Roma è la città metropolitana con più posti nei centri (circa 3.800), seguita dalle città metropolitane di Torino, Milano, Bologna, Napoli e Firenze. Dal 2018 al 2021, nell’area metropolitana della capitale i posti a disposizione nelle strutture del Sai sono diminuiti del 44,5%. Contemporaneamente è aumentata la centralità delle strutture di grandi dimensioni: il 90% dei posti nei CAS è in centri con più di 50 posti. Nel 2019, nel territorio capitolino, si realizza una sorta di monopolio: 8 posti su 10, in centri CAS, sono in mano a un unico gestore, la Medihospes. E questo nonostante le ispezioni abbiano fatto emergere, nell’anno in questione, diverse irregolarità. È rilevante il dato sulle penali: su poco più di 88mila euro comminati nella città metropolitana a seguito dei controlli, quasi 86mila (il 97% circa) sono a carico di Medihospes e rappresentano il 17,4% del totale delle penali e delle erogazioni non effettuate a seguito di contestazioni sull’intero territorio italiano.

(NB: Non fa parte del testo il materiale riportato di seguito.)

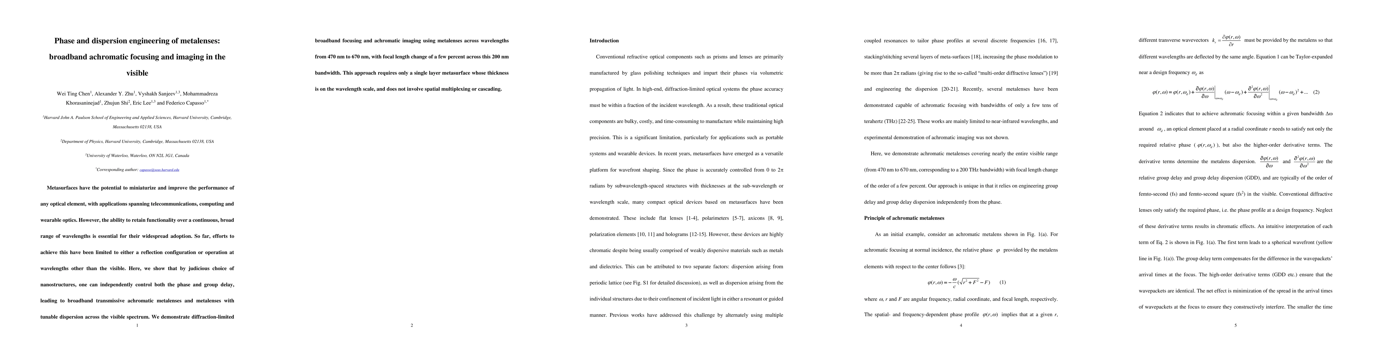 This paper presents a method for designing broadband transmissive achromatic metalenses using nanostructures to independently control phase and group delay, enabling diffraction-limited focusing and achromatic imaging across the visible spectrum from 470 nm to 670 nm without requiring multiple layers or spatial multiplexing.
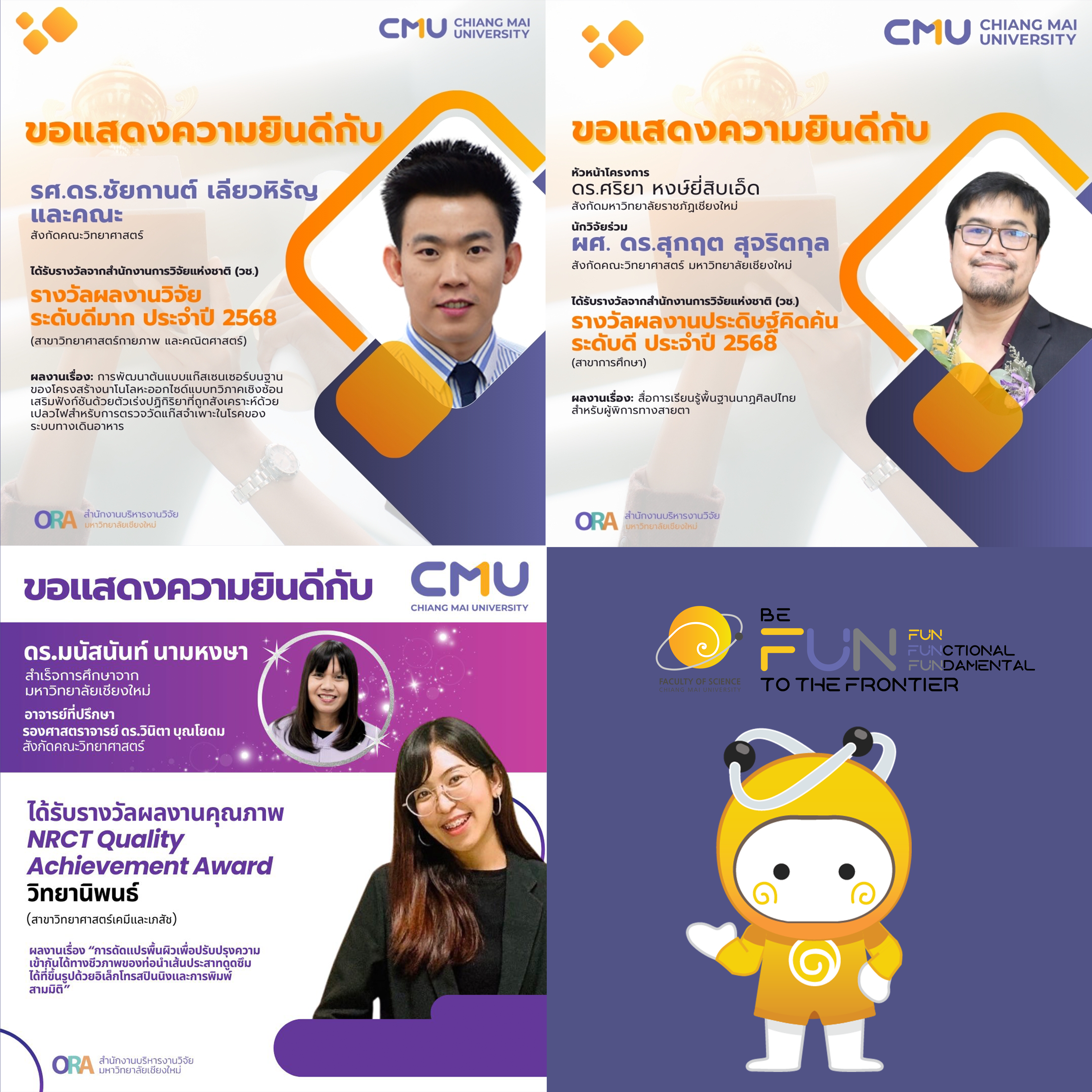 ขอแสดงความยินดีกับอาจารย์ และผู้สำเร็จการศึกษาจากคณะวิทยาศาสตร์ ที่ได้รับรางวัลการวิจัยแห่งชาติ ประจำปีงบประมาณ 2568 และรางวัลผลงานคุณภาพ NRCT Quality Achievement Award

ActionAid e openpolis chiedono ai parlamentari di utilizzare le rilevazioni di questo report, basate su dati amministrativi oggettivi forniti dal ministero dell’interno e contenuti sulla piattaforma Centri d’Italia, per esercitare il ruolo di controllo ed indirizzo politico che gli è proprio, per chiedere trasparenza e informazione. Per avere risposte sul perché si parla di un sistema al collasso, con una quota considerevole di posti ordinariamente liberi e migliaia di persone lasciate in strada, sulla mancanza di programmazione che affligge il sistema da anni, su come vengono impiegate le risorse pubbliche e con quali effetti sulle vite di persone portatrici di diritti.